TASK BRIEF - Starting at the first line of the entries below, please return exactly each line up to and including the one with "吐爾汗別克扮演烏孫國法師。他的身后是重達三點六噸的天鍋,一次可煮40只羊"; pictures stay out.

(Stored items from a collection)
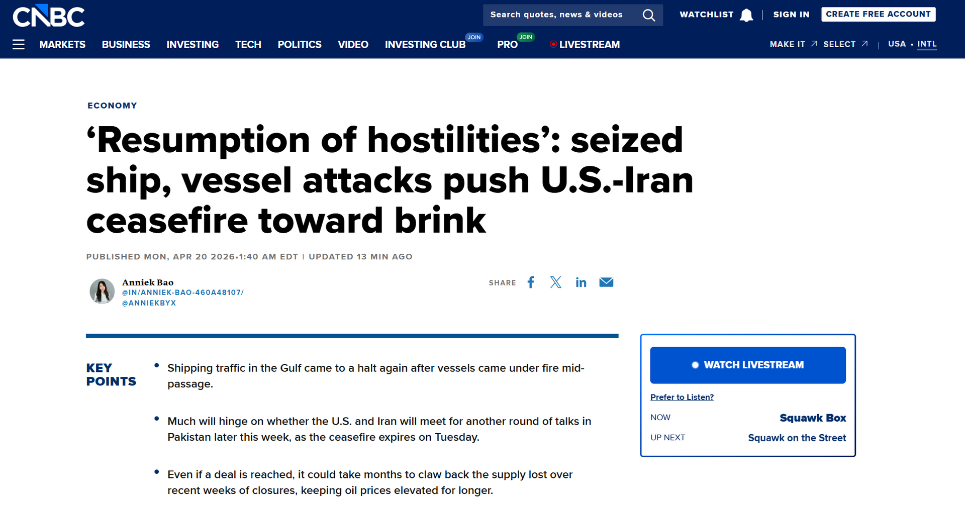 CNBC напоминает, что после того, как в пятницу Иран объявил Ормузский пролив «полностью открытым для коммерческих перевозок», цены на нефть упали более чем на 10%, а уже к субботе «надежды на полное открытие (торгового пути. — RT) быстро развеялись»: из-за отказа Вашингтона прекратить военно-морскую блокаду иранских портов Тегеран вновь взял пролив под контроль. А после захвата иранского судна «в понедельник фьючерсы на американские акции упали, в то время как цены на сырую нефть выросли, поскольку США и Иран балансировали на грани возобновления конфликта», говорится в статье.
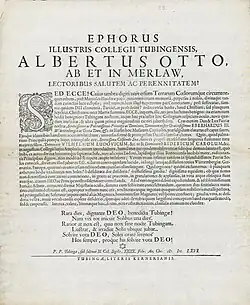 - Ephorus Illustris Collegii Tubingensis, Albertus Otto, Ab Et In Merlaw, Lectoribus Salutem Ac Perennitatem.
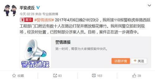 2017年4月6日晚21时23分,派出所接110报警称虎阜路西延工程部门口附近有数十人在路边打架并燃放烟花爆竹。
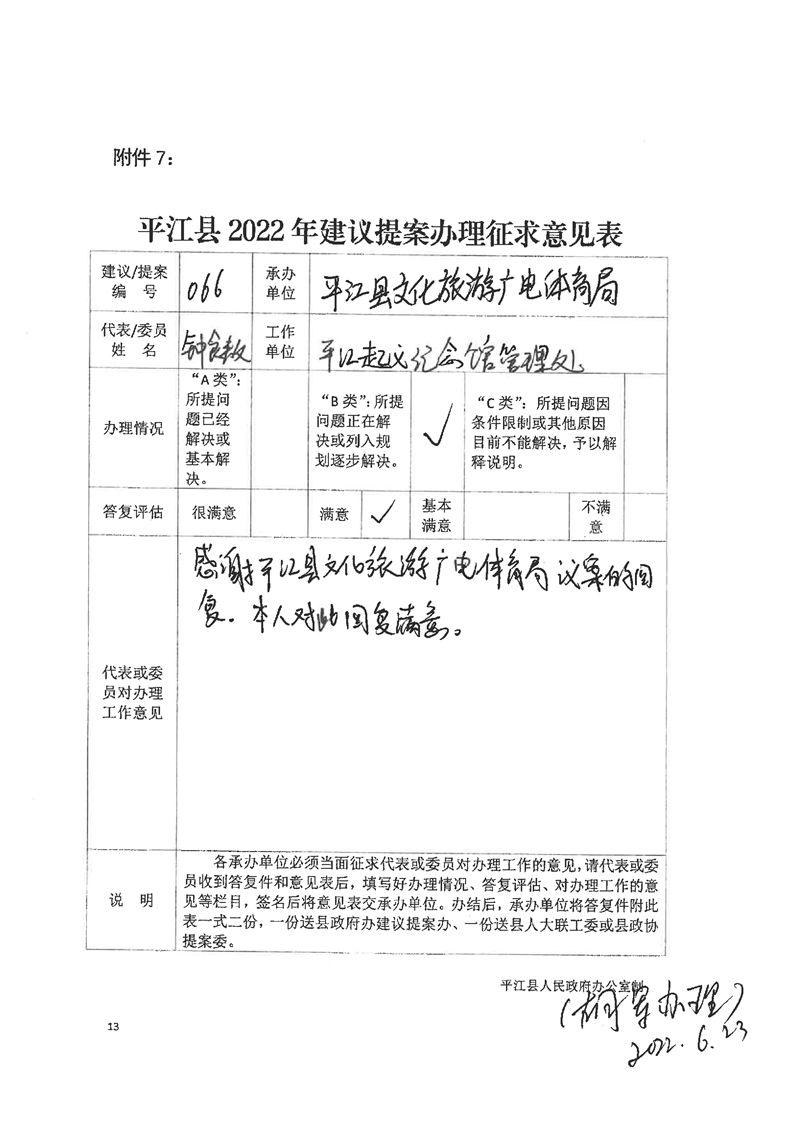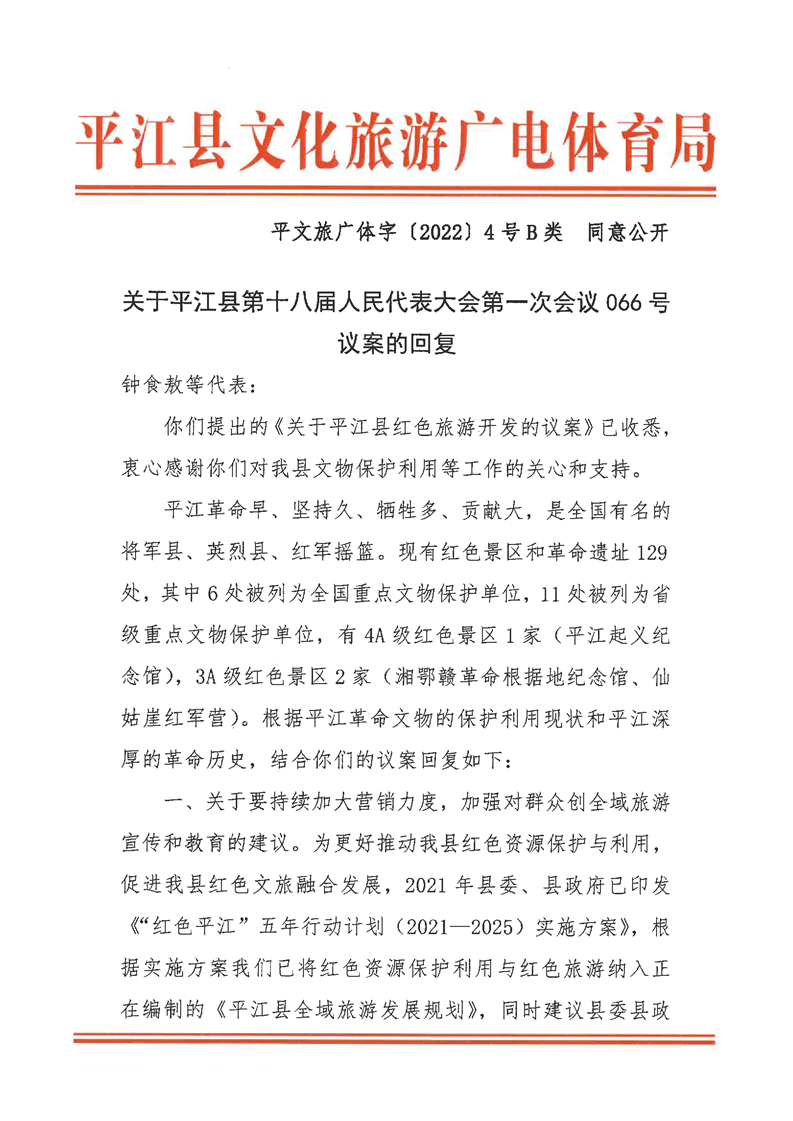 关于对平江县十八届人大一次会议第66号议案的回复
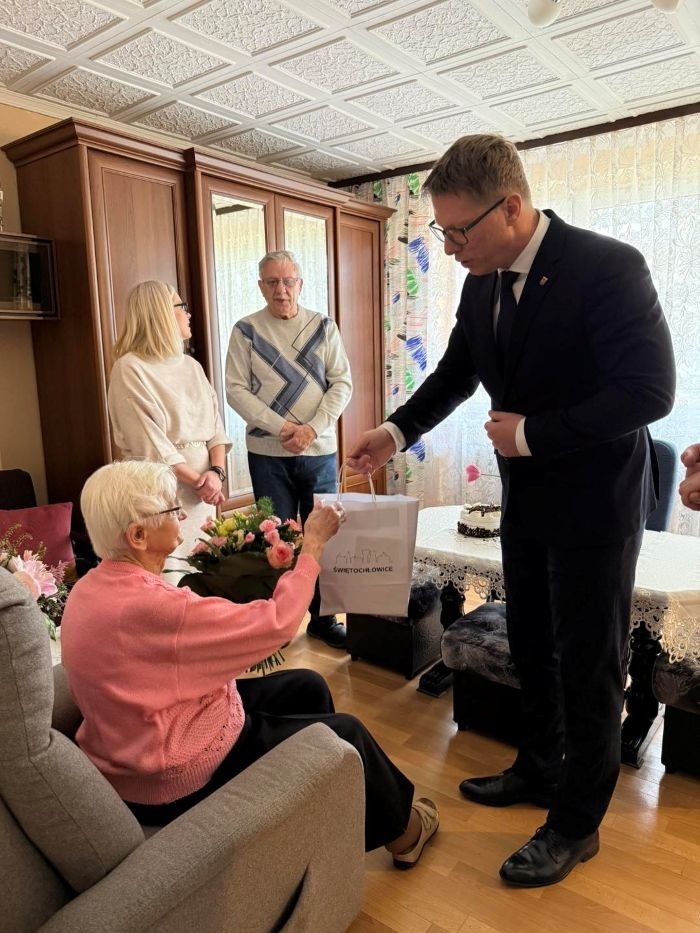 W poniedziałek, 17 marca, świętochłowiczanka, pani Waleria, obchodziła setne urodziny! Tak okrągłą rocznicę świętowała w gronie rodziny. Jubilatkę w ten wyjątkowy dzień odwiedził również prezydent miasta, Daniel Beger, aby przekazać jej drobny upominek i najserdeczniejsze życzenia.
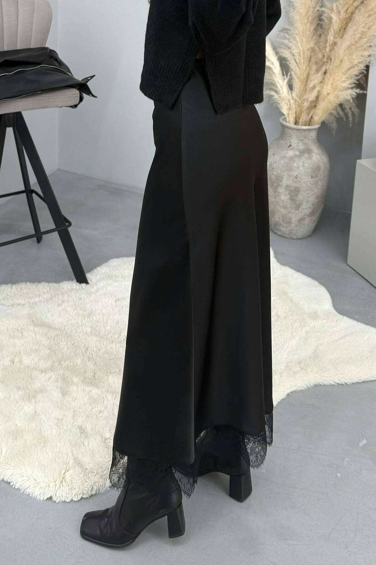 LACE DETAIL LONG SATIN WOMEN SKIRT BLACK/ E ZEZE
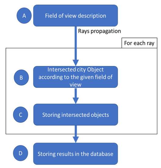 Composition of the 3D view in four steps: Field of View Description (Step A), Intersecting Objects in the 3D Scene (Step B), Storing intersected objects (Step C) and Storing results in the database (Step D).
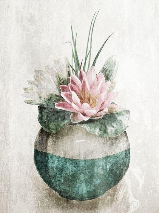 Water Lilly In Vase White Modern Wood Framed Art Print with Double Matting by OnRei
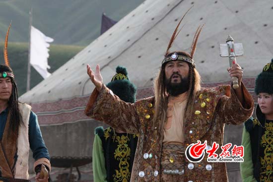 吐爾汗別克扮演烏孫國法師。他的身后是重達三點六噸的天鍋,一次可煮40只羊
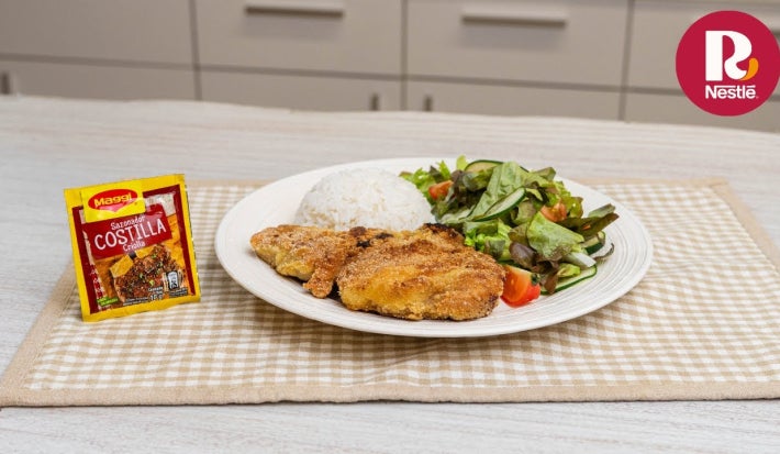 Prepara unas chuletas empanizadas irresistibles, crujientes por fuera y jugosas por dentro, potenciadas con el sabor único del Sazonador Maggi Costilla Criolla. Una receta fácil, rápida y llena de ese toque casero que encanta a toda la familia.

REPLY -
 CNBC напоминает, что после того, как в пятницу Иран объявил Ормузский пролив «полностью открытым для коммерческих перевозок», цены на нефть упали более чем на 10%, а уже к субботе «надежды на полное открытие (торгового пути. — RT) быстро развеялись»: из-за отказа Вашингтона прекратить военно-морскую блокаду иранских портов Тегеран вновь взял пролив под контроль. А после захвата иранского судна «в понедельник фьючерсы на американские акции упали, в то время как цены на сырую нефть выросли, поскольку США и Иран балансировали на грани возобновления конфликта», говорится в статье.
 - Ephorus Illustris Collegii Tubingensis, Albertus Otto, Ab Et In Merlaw, Lectoribus Salutem Ac Perennitatem.
 2017年4月6日晚21时23分,派出所接110报警称虎阜路西延工程部门口附近有数十人在路边打架并燃放烟花爆竹。
 关于对平江县十八届人大一次会议第66号议案的回复
 W poniedziałek, 17 marca, świętochłowiczanka, pani Waleria, obchodziła setne urodziny! Tak okrągłą rocznicę świętowała w gronie rodziny. Jubilatkę w ten wyjątkowy dzień odwiedził również prezydent miasta, Daniel Beger, aby przekazać jej drobny upominek i najserdeczniejsze życzenia.
 LACE DETAIL LONG SATIN WOMEN SKIRT BLACK/ E ZEZE
 Composition of the 3D view in four steps: Field of View Description (Step A), Intersecting Objects in the 3D Scene (Step B), Storing intersected objects (Step C) and Storing results in the database (Step D).
 Water Lilly In Vase White Modern Wood Framed Art Print with Double Matting by OnRei
 吐爾汗別克扮演烏孫國法師。他的身后是重達三點六噸的天鍋,一次可煮40只羊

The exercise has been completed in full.